In our previous installment, we discussed the data structures that we will use to represent the graph which we will use for pathfinding on the terrain, as well as the initial pre-processing that was necessary to populate that graph with the information that our pathfinding algorithm will make use of. Now, we are ready to actually implement our pathfinding algorithm. We’ll be using A*, probably the most commonly used graph search algorithm for pathfinding.
A* is one of the most commonly used pathfinding algorithms in games because it is fast, flexible, and relatively simple to implement. A* was originally a refinement of Dijkstra’s graph search algorithm. Dijkstra’s algorithm is guaranteed to determine the shortest path between any two nodes in a directed graph, however, because Dijkstra’s algorithm only takes into account the cost of reaching an intermediate node from the start node, it tends to consider many nodes that are not on the optimal path. An alternative to Dijkstra’s algorithm is Greedy Best-First search. Best-First uses a heuristic function to estimate the cost of reaching the goal from a given intermediate node, without reference to the cost of reaching the current node from the start node. This means that Best-First tends to consider far fewer nodes than Dijkstra, but is not guaranteed to produce the shortest path in a graph which includes obstacles that are not predicted by the heuristic.
A* blends these two approaches, by using a cost function (f(x)) to evaluate each node based on both the cost from the start node (g(x)) and the estimated cost to the goal (h(x)). This allows A* to both find the optimum shortest path, while considering fewer nodes than pure Dijkstra’s algorithm. The number of intermediate nodes expanded by A* is somewhat dependent on the characteristics of the heuristic function used. There are generally three cases of heuristics that can be used to control A*, which result in different performance characteristics:
- When h(x) underestimates the true cost of reaching the goal from the current node, A* will expand more nodes, but is guaranteed to find the shortest path.
- When h(x) is exactly the true cost of reaching the goal, A* will only expand nodes along the shortest path, meaning that it runs very fast and produces the optimal path.
- When h(x) overestimates the true cost of reaching the goal from the current node, A* will expand fewer intermediate nodes. Depending on how much h(x) underestimates the true cost, this may result in paths that are not the true shortest path; however, this does allow the algorithm to complete more quickly.

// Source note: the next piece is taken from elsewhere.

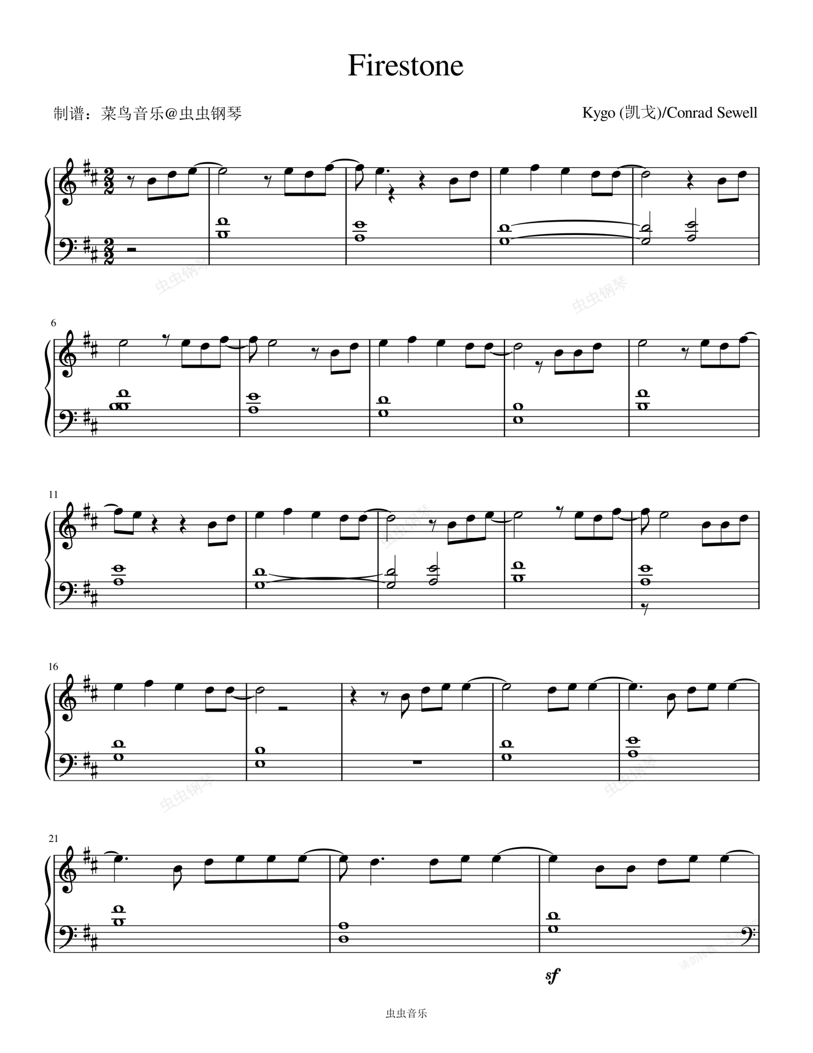 钢琴谱:Firestone - Kygo (凯戈)/Conrad Sewell

For games, we will generally use heuristics of the third class. It is important that we generate good paths when doing pathfinding for our units, but it is generally not necessary that they be mathematically perfect; they just need to look good enough, and the speed savings are very important when we are trying to cram all of our rendering and update code into just a few tens of milliseconds, in order to hit 30-60 frames per second.
A* uses two sets to keep track of the nodes that it is operating on. The first set is the closed set, which contains all of the nodes that A* has previously considered; this is sometimes called the interior of the search. The other set is the open set, which contains those nodes which are adjacent to nodes in the closed set, but which have not yet been processed by the A* algorithm. The open set is generally sorted by the calculated cost of the node (f(x)), so that the algorithm can easily select the most promising new node to consider. Because of this, we usually consider the open list to be a priority queue. The particular implementation of this priority queue has a large impact on the speed of A*; for best performance, we need to have a data structure that supports fast membership checks (is a node in the queue?), fast removal of the best element in the queue, and fast insertions into the queue. Amit Patel provides a good overview of the pros and cons of different data structures for the priority queue on his A* page; I will be using a priority queue derived from Blue Raja’s Priority Queue class, which is essentially a binary heap. For our closed set, the primary operations that we will perform are insertions and membership tests, which makes the .Net HashSet<T> class a good choice.